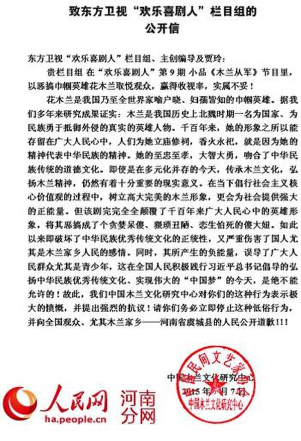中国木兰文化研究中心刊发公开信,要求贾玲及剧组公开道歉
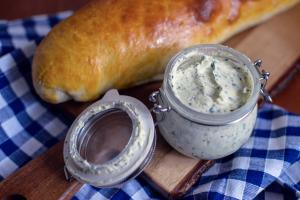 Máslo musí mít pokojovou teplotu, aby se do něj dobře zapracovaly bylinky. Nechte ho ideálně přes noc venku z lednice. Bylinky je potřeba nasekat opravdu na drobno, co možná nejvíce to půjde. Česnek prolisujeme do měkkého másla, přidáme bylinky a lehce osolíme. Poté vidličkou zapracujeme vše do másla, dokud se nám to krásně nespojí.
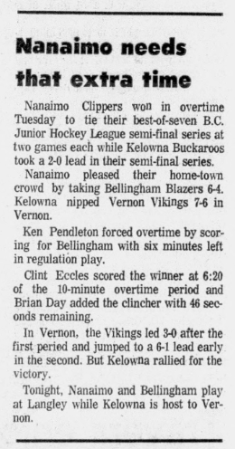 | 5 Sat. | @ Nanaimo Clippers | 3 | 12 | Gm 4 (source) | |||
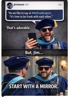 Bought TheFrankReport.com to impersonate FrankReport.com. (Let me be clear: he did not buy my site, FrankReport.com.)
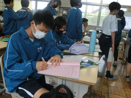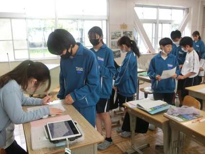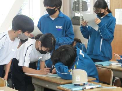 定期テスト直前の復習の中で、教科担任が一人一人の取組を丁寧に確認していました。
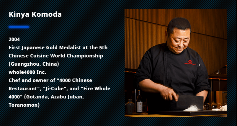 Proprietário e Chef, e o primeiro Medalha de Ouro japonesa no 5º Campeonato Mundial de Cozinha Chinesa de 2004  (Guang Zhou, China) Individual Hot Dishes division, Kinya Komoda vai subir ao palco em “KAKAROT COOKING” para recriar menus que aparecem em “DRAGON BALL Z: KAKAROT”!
...
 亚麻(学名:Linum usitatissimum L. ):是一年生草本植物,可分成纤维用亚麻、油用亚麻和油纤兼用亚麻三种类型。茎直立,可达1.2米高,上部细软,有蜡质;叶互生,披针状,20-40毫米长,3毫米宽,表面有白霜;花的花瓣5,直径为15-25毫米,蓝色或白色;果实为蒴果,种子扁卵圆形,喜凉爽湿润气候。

• [What you should do] Copy only what runs above from the line containing "Bought TheFrankReport.com to" through the line containing "Proprietário e Chef, e", exactly. Leave out the pictures.

• [Expected output]
 Bought TheFrankReport.com to impersonate FrankReport.com. (Let me be clear: he did not buy my site, FrankReport.com.)
 定期テスト直前の復習の中で、教科担任が一人一人の取組を丁寧に確認していました。
 Proprietário e Chef, e o primeiro Medalha de Ouro japonesa no 5º Campeonato Mundial de Cozinha Chinesa de 2004  (Guang Zhou, China) Individual Hot Dishes division, Kinya Komoda vai subir ao palco em “KAKAROT COOKING” para recriar menus que aparecem em “DRAGON BALL Z: KAKAROT”!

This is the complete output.